The founding president of C.E.S., Robert P. Varni, told me what happened next. We were in his apartment in San Francisco, a twenty-third-floor Nob Hill penthouse looking out across the great sweep of the bay, the islands, and the bridges. "I was working for I.B.M.," he said. "One of my accounts was U.C. Berkeley. I got a call from Joe Harris. He asked about the I.B.M. Port-a-Punch. `I have an idea, and I'd like to borrow it for a while,' he said. He didn't want to buy it. It was an eight-dollar item. He wanted to borrow it, along with about a dollar and a half's worth of punch cards."

Assisted by William S. Rouverol, a retired professor, who was an engineer, Harris cobbled together his ingenious new device for computerized vote counting. "After a while," Varni went on, "he called and said, `I've done something interesting with that Port-a-Punch you lent me.' I went to his office and he showed me the first prototype of the Votomatic." Harris said later that he had derived the name of his invention from the Shine-O-Matic, a shoeshine machine he had read about in the Sunday paper.

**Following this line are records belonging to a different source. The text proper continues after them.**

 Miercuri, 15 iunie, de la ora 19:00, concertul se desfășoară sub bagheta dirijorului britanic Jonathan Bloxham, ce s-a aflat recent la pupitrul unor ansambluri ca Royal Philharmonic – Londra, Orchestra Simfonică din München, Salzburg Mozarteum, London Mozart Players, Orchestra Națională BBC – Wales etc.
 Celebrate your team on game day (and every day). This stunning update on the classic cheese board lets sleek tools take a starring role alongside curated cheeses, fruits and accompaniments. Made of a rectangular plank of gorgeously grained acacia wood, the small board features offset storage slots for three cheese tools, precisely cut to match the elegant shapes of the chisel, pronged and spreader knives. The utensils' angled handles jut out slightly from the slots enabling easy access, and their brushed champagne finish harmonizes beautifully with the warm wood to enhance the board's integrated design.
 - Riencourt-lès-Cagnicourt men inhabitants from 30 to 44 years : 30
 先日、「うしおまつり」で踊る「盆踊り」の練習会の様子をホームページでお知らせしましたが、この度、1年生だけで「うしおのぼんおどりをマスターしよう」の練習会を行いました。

Varni is now the trim, prosperous chairman of a firm that computerizes police and fire departments. As he recalled those early days, he often broke into a warm smile. Harris didn't know anything about computers and needed someone who did, so, in 1963, Varni sent him to Kenneth Hazlett, an athletic young man who was the foreman of the university's computer room. Hazlett had had only two years of higher education, at Oakland City College, but he had been introduced to tabulating machines during a two-year spell in the Navy, and after taking an I.B.M. course in programming he had begun teaching the skill to some of his staff at Berkeley.

"Joe Harris walked into my office with a handful of these Port-a-Punch cards and wanted to know if they'd go through a computer," Hazlett recalled. "I walked him outside my office to a small I.B.M. computer, and from the console I keyed in about a three instruction loop that would simply flush these cards through the card reader. And they went sailing through. Joe Harris just lit up!" Harris realized that he could use the cards themselves as ballots. He showed Hazlett a mockup of the prototype, and, Hazlett said, "I agreed to do him a real program." To produce and sell his invention, Harris then formed Harris Votomatic, Inc., with a quarter of a million dollars he raised from about two dozen of his colleagues at the university, including Hazlett, and from Varni. Having retired from teaching, he then began driving around the West trying to sell his invention.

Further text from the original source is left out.